Task instructions: Below this line are records; write out exactly the lines from the one containing "그 국물을 먹습니다." through the one containing "Stretch Heather Jersey: 96%", with the pictures left out.

[Start of section]

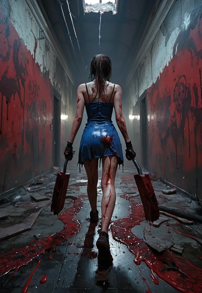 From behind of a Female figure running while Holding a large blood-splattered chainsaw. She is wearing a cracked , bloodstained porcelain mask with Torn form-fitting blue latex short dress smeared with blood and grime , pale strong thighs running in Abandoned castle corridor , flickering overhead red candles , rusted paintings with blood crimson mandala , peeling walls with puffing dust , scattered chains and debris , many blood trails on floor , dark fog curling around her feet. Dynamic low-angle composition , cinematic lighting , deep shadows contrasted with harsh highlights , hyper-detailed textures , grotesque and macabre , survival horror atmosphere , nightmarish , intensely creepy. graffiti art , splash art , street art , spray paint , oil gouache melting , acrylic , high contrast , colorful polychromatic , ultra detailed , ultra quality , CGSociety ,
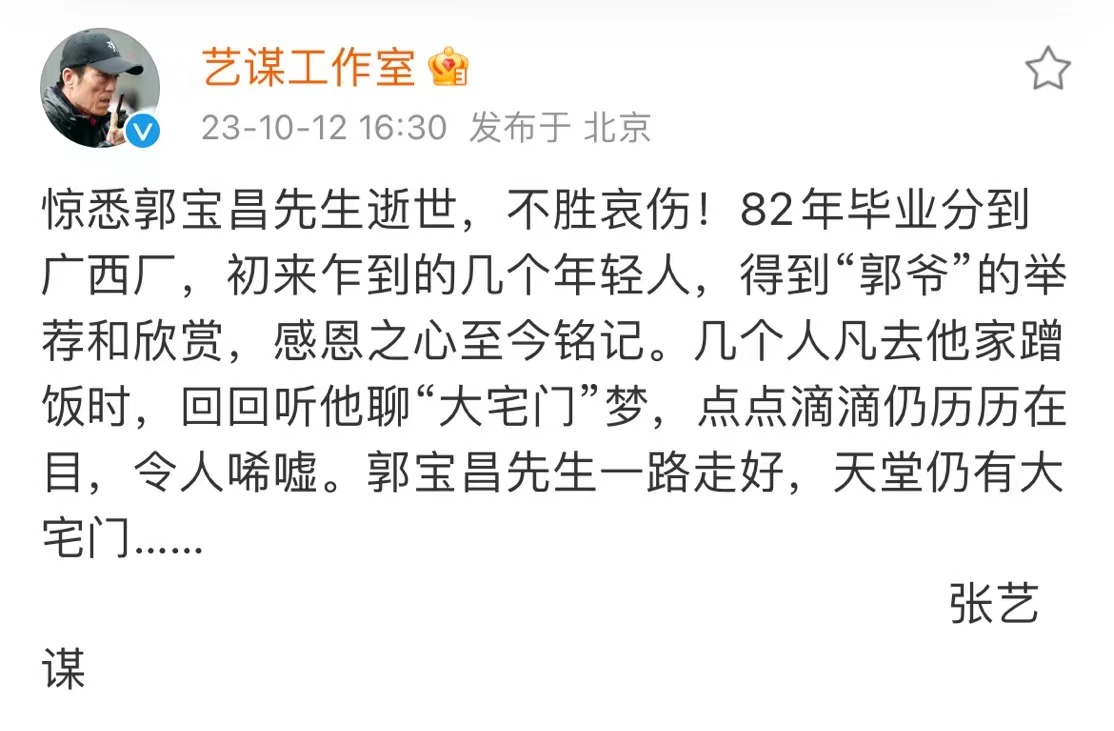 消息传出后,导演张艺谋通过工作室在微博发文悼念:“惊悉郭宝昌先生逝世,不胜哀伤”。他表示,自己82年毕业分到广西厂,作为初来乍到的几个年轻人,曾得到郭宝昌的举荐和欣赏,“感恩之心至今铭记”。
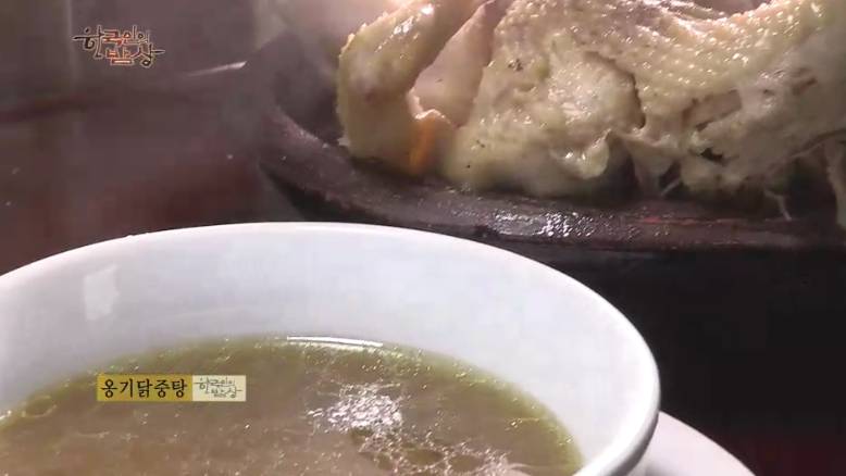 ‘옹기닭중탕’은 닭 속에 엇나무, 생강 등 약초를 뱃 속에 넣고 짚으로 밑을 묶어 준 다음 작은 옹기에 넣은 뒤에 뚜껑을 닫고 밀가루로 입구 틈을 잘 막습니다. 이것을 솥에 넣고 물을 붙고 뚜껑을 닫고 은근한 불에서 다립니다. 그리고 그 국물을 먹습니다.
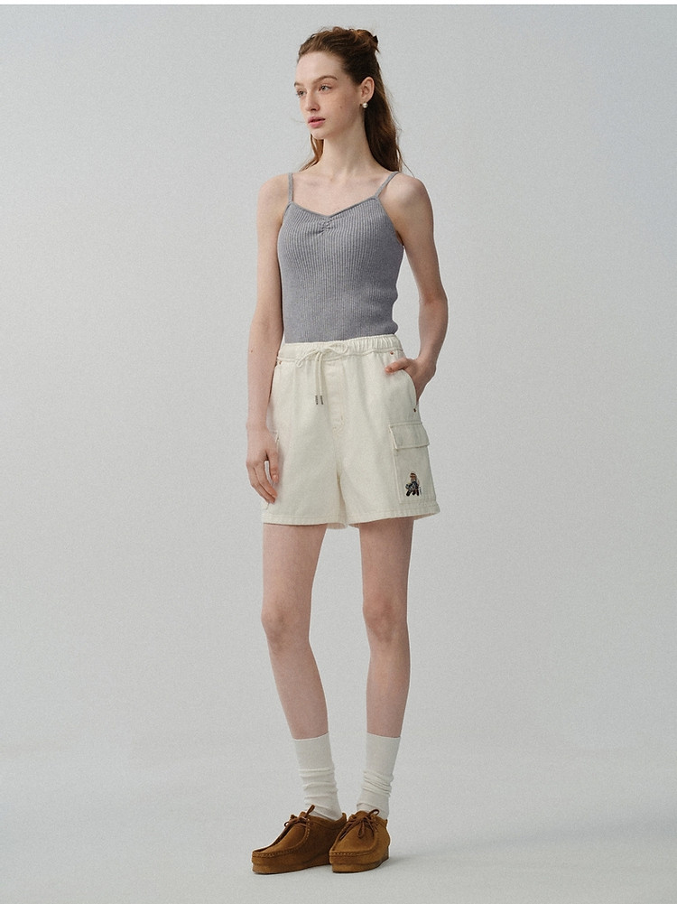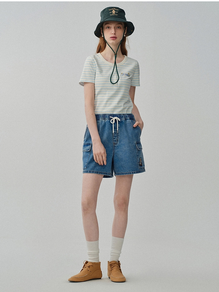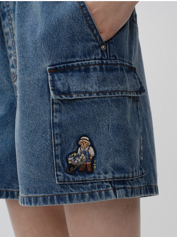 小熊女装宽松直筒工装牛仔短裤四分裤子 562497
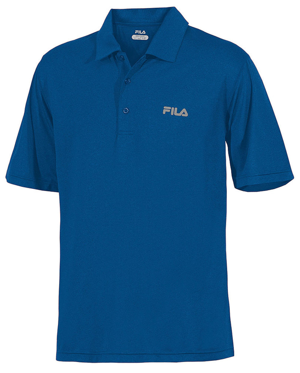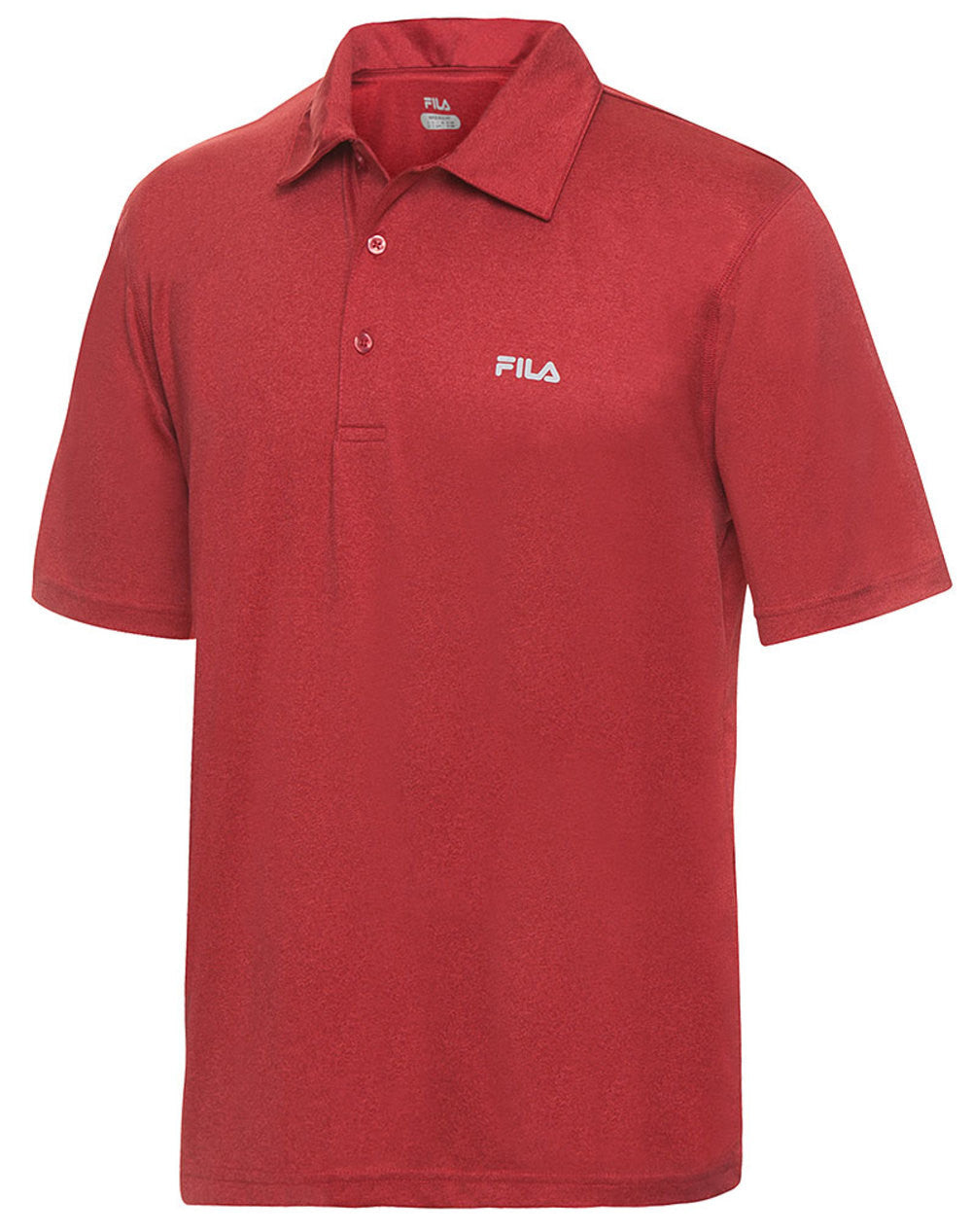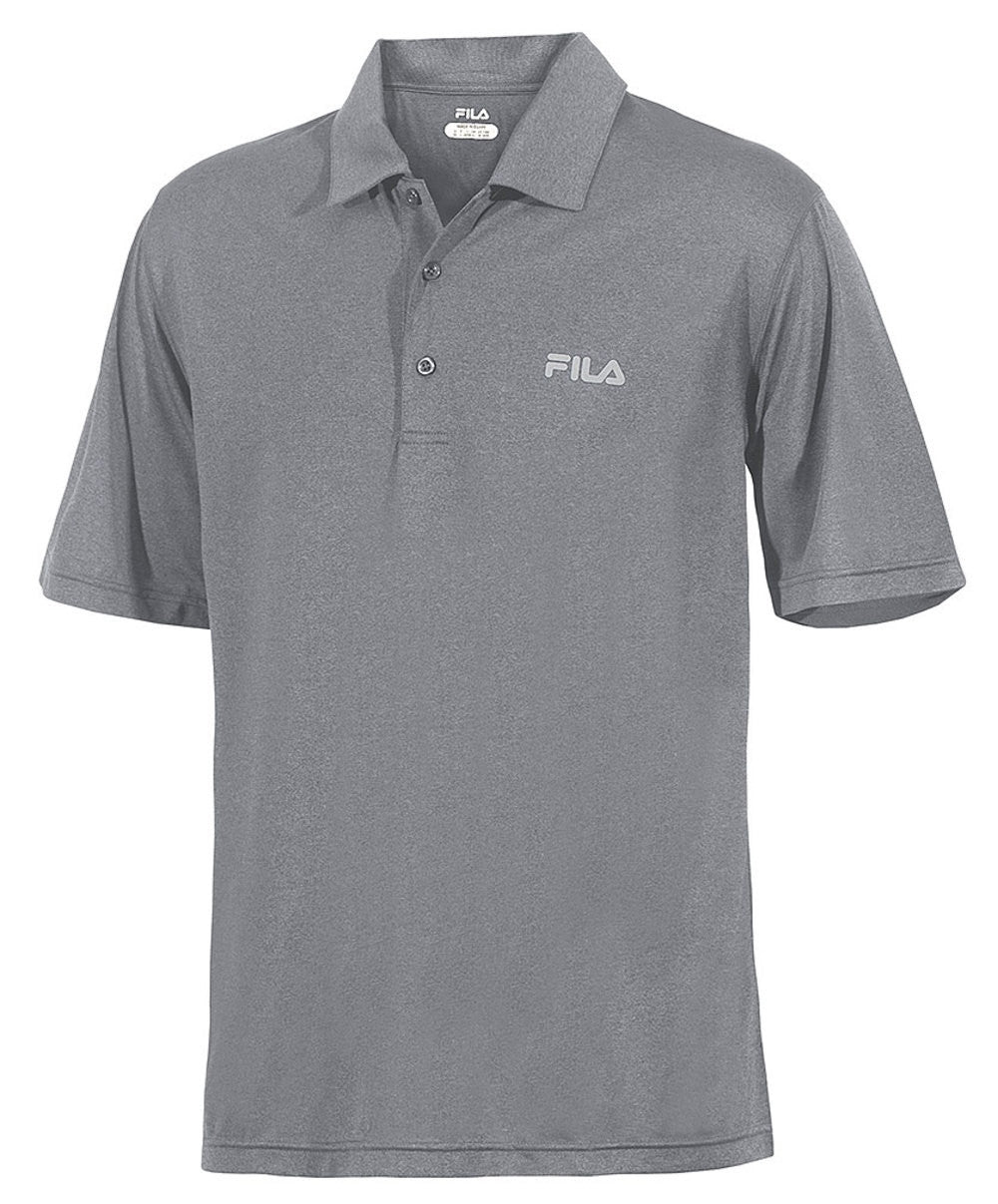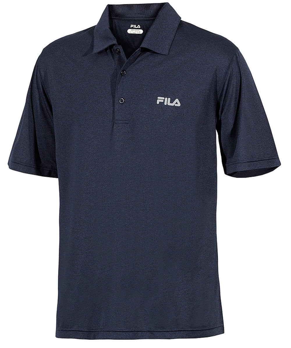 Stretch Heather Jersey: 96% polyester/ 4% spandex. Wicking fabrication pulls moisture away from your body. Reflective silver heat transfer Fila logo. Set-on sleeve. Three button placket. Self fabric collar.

[End of section]
[Start of section]

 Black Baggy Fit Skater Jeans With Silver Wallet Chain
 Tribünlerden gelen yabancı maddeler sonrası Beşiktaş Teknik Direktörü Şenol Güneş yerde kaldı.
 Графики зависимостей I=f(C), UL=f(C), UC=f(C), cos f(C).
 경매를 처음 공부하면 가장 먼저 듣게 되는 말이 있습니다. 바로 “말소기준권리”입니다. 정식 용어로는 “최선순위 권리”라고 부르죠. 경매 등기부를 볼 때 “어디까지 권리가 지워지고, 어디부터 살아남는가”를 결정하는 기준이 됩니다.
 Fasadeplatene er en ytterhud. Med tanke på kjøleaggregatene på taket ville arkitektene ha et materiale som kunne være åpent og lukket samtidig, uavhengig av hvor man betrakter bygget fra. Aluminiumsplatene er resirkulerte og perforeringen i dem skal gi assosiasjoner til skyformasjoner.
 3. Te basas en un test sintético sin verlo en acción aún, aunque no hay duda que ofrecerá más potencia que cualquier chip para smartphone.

[End of section]

Task answer:
 ‘옹기닭중탕’은 닭 속에 엇나무, 생강 등 약초를 뱃 속에 넣고 짚으로 밑을 묶어 준 다음 작은 옹기에 넣은 뒤에 뚜껑을 닫고 밀가루로 입구 틈을 잘 막습니다. 이것을 솥에 넣고 물을 붙고 뚜껑을 닫고 은근한 불에서 다립니다. 그리고 그 국물을 먹습니다.
 小熊女装宽松直筒工装牛仔短裤四分裤子 562497
 Stretch Heather Jersey: 96% polyester/ 4% spandex. Wicking fabrication pulls moisture away from your body. Reflective silver heat transfer Fila logo. Set-on sleeve. Three button placket. Self fabric collar.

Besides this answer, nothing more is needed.